== Instructions for the task ==
Nothing below is to be printed except the lines between the line holding "观察组护生的各项考核成绩,均显著高于对照组( P<0.05 )。见表1" and the line holding "結晶の内側の面に光が集まって", inclusive, each exactly as it appears.

== Data extracts ==
:::::

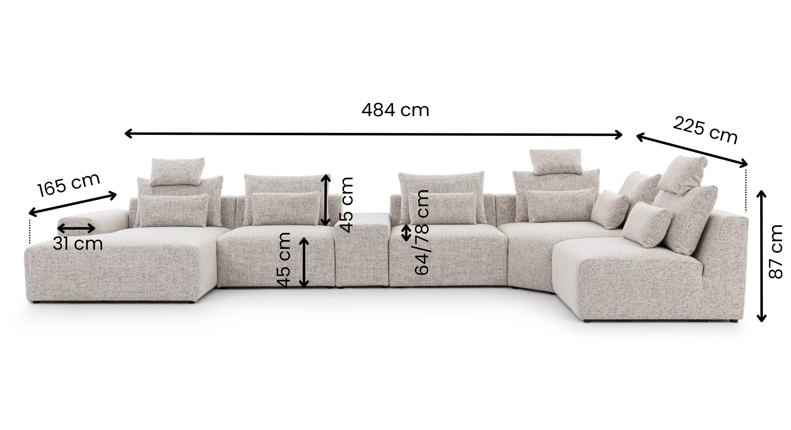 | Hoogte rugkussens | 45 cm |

:::::

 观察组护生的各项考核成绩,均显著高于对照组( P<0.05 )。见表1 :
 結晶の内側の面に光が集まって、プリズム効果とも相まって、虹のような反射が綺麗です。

:::::

== Answer to this exercise ==
 观察组护生的各项考核成绩,均显著高于对照组( P<0.05 )。见表1 :
 結晶の内側の面に光が集まって、プリズム効果とも相まって、虹のような反射が綺麗です。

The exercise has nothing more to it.